## INSTRUCTIONS FOR THE TASK
A word-for-word copy of the data is what's wanted, with no pictures.

## DATA SEGMENT
Start of Block

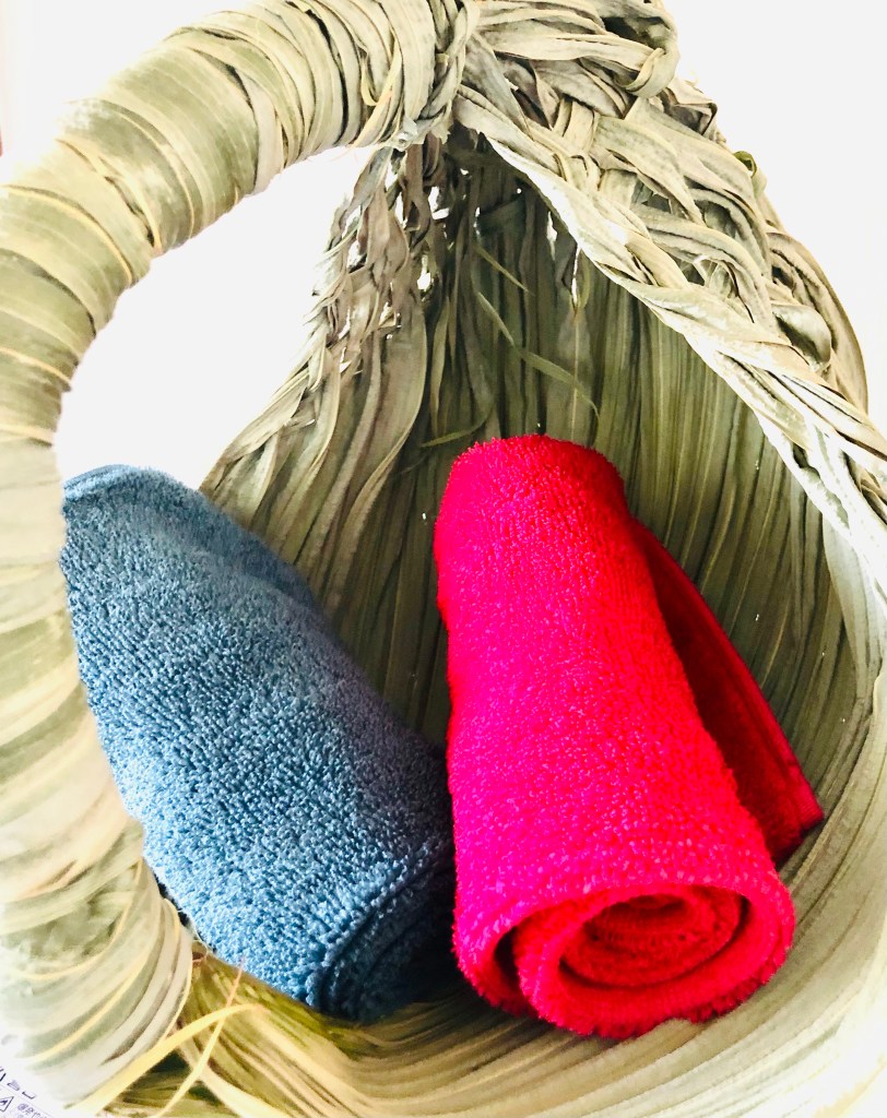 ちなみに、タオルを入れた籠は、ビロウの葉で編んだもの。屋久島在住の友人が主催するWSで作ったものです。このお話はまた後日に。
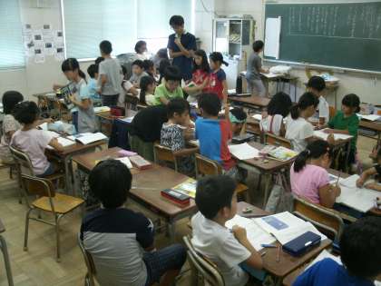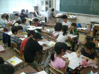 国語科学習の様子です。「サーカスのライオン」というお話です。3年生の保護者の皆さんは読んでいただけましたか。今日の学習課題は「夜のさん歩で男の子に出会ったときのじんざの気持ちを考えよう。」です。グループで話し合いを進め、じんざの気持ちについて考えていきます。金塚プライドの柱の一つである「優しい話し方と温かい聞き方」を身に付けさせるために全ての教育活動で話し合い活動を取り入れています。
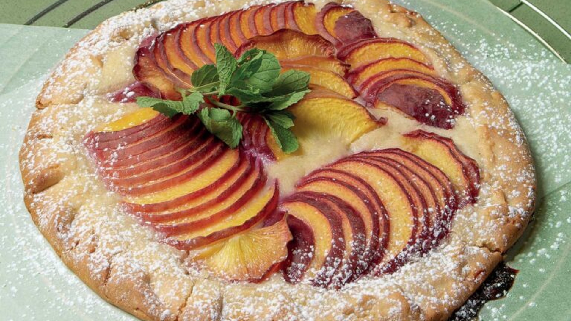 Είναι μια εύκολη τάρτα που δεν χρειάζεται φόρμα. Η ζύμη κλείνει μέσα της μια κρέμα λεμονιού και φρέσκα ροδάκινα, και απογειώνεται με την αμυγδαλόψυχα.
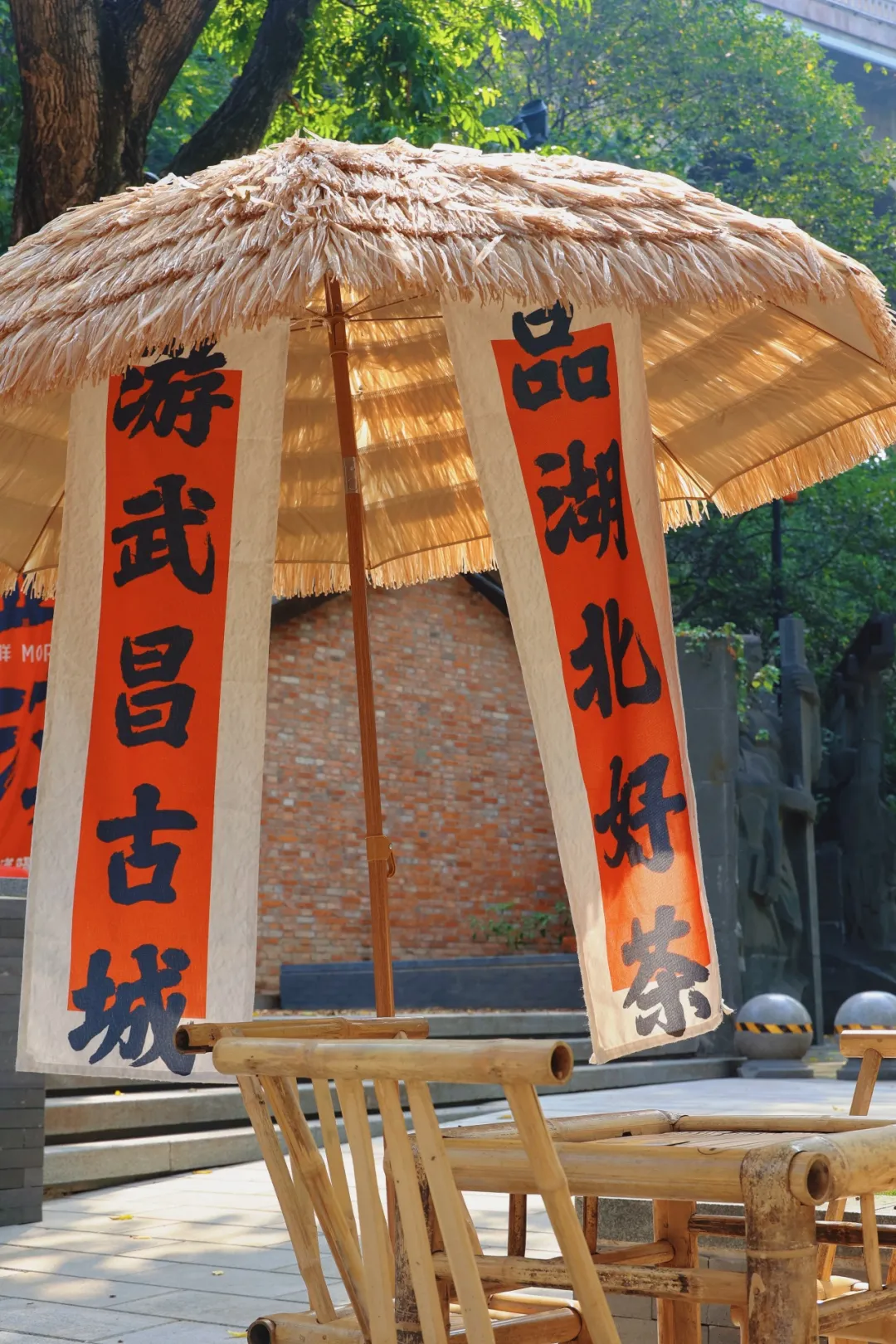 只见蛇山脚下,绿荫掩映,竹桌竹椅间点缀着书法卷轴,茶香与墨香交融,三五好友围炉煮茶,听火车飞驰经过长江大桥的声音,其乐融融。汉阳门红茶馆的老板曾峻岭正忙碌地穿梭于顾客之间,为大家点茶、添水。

End of Block

## WRITTEN SOLUTION
 ちなみに、タオルを入れた籠は、ビロウの葉で編んだもの。屋久島在住の友人が主催するWSで作ったものです。このお話はまた後日に。
 国語科学習の様子です。「サーカスのライオン」というお話です。3年生の保護者の皆さんは読んでいただけましたか。今日の学習課題は「夜のさん歩で男の子に出会ったときのじんざの気持ちを考えよう。」です。グループで話し合いを進め、じんざの気持ちについて考えていきます。金塚プライドの柱の一つである「優しい話し方と温かい聞き方」を身に付けさせるために全ての教育活動で話し合い活動を取り入れています。
 Είναι μια εύκολη τάρτα που δεν χρειάζεται φόρμα. Η ζύμη κλείνει μέσα της μια κρέμα λεμονιού και φρέσκα ροδάκινα, και απογειώνεται με την αμυγδαλόψυχα.
 只见蛇山脚下,绿荫掩映,竹桌竹椅间点缀着书法卷轴,茶香与墨香交融,三五好友围炉煮茶,听火车飞驰经过长江大桥的声音,其乐融融。汉阳门红茶馆的老板曾峻岭正忙碌地穿梭于顾客之间,为大家点茶、添水。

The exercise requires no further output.